I've been obsessed with crocheting bookmarks for over a week now. Hence the lazy posts. Last summer I had deprived myself of the crocheting as punishment incentive to put the finishing touches on the ones already crocheted--tucking the tails, blocking and adding ribbons and beads. But while I was preparing the five bookmarks for my read-a-thon mini-challenge winners I decided that it was probably best to leave the blocking and decorating to just before handing them over to their intended anyway as it is so difficult to store them in such a way as to keep their ribbons from creasing and their edges from curling. I learned this while trying to keep several nice for several days while prepping the last two and all of the envelopes.

So with the new permission to go crazy crocheting I've done just that. I've lost count of how many I made in this latest stint but I know that what I had before I started was in the teens and that counted the five slated for my read-a-thon mini-challenge winners. Now my collection of not-yet-beribboned bookmarks numbers nearly forty and that doesn't count the extra one I made for one of my challenge winners after deciding that I couldn't mail the one with the big bead on it this time nor does it count the one Ed asked me to make for him that was half again as long as the regular ones with 20 rows instead of 12.
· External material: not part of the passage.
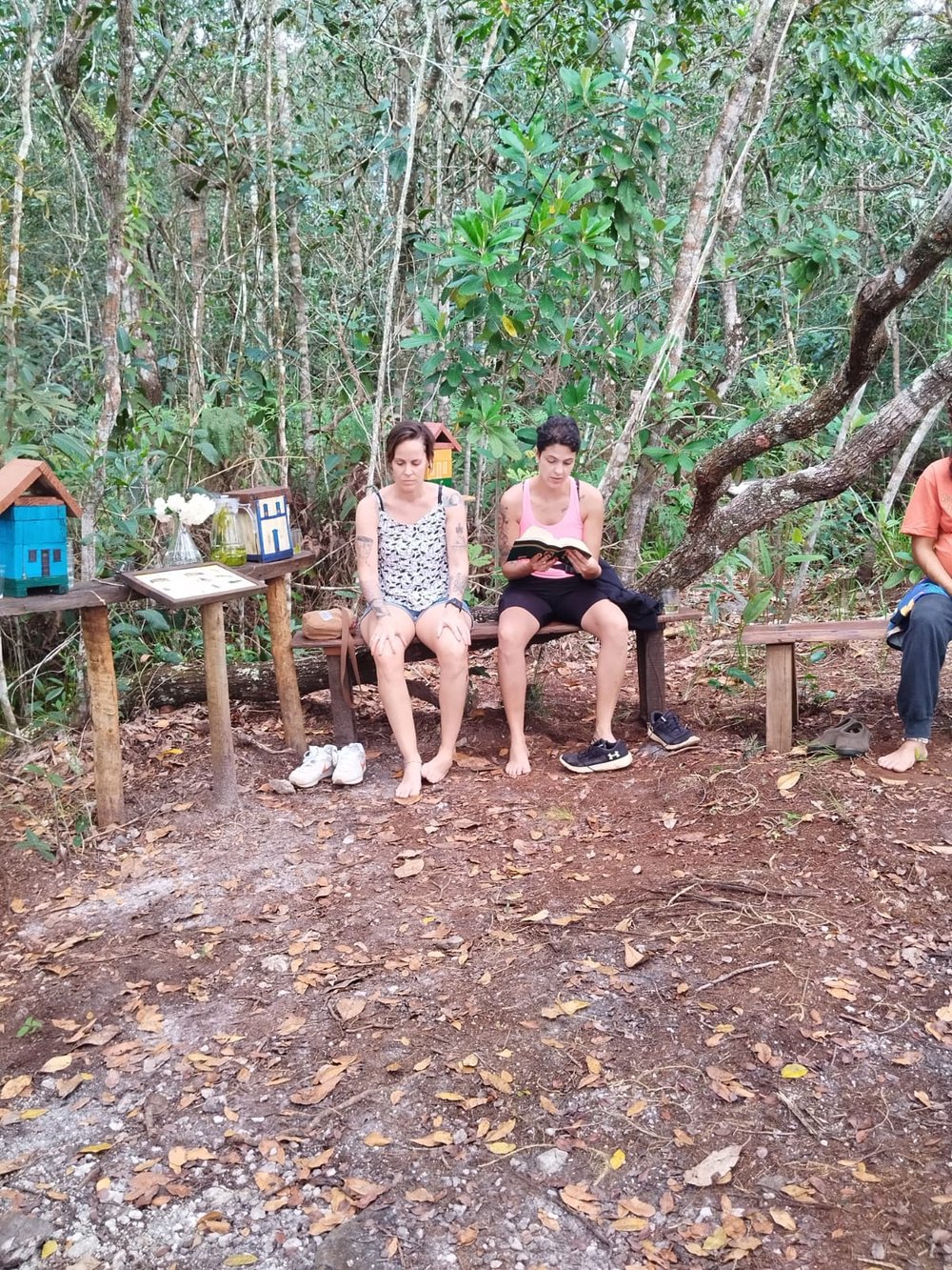 No coração do meliponário, cercados pela delicadeza das abelhas sem ferrão, participamos de uma roda de Biblioterapia – o cuidado de si através da literatura. Neste espaço, palavras, reflexões e partilhas se transformam em bálsamos para a alma, promovendo autoconhecimento, leveza e inspiração.
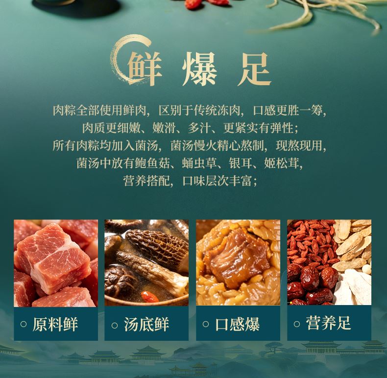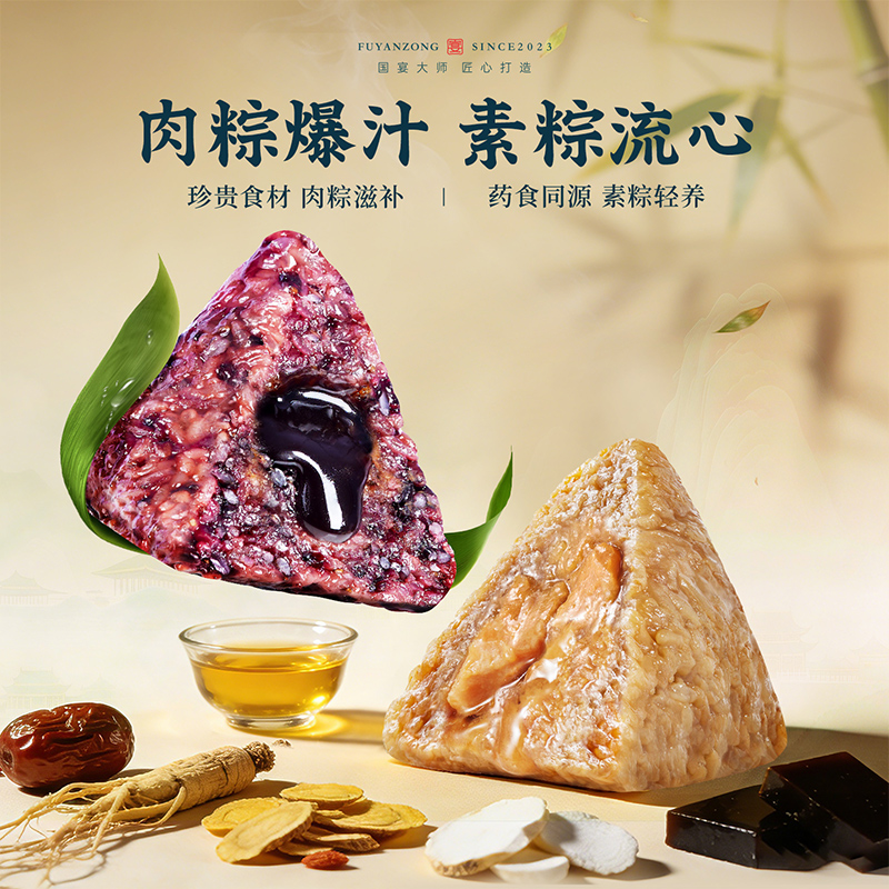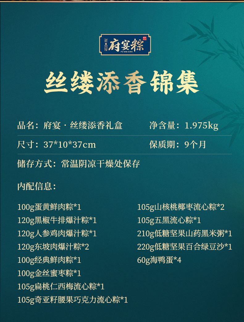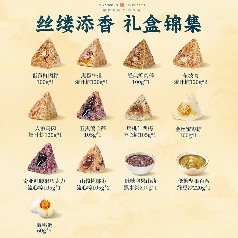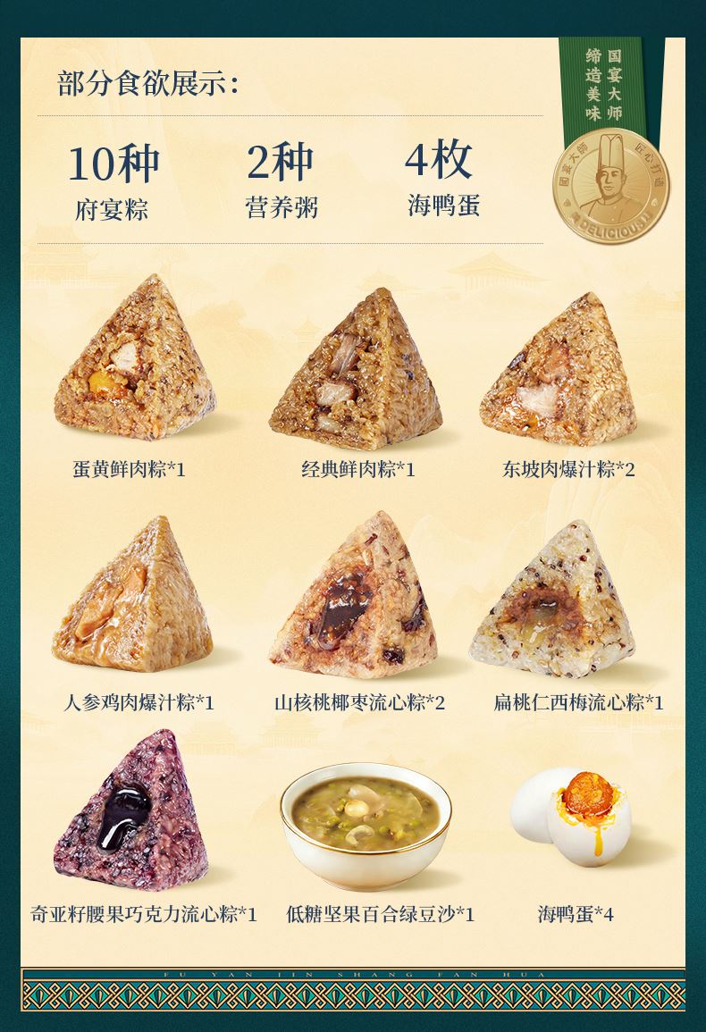 100g蛋黄鲜肉粽*1 120g黑椒牛排爆汁粽*1 120g人参鸡肉爆汁粽*1 120g东坡肉爆汁粽*2 100g经典鲜肉粽*1 100g金丝蜜枣粽*1 105g扁桃仁西梅流心粽*1 105g奇亚籽腰果巧克力流心粽*1 105g山核桃椰枣流心粽*2 105g五黑流心粽*1 210g低糖坚果山药黑米粥*1 220g低糖坚果百合绿豆沙*1 60g海鸭蛋*4

Until the last couple days I was focused on getting at least one of the granny-square-stitch ones made for each color and type of thread and then started making duplicates of the Xmas colors (red, white, green) and the blues (my fav color) and then I decided to switch to the striped pattern I designed myself and not only see how many cool color combos I could accumulate but see how much time I could shave off the nearly four hours that pattern has been taking me to make.

After making four in just over 24 hours I've gotten it down to just under three hours. The granny-square-stitch with 12 rows of 2 clusters of 6 double crochet now takes me 40-50 minutes. The striped ones have 7 rows alternating 9 clusters of 4 double crochet with 8 clusters of 3 double crochet with 2 double crochet standing singly to bracket the ends of the latter. With four rows of the first and three of the latter that adds up to 4(9x4) + 3(8x3 + 2)=222 double crochet for the striped vs the 12x2x6=144 double crochet for the granny-square-stitch. Which means that once I'm as practiced with this new pattern I should be able to make one in 80-110 minutes.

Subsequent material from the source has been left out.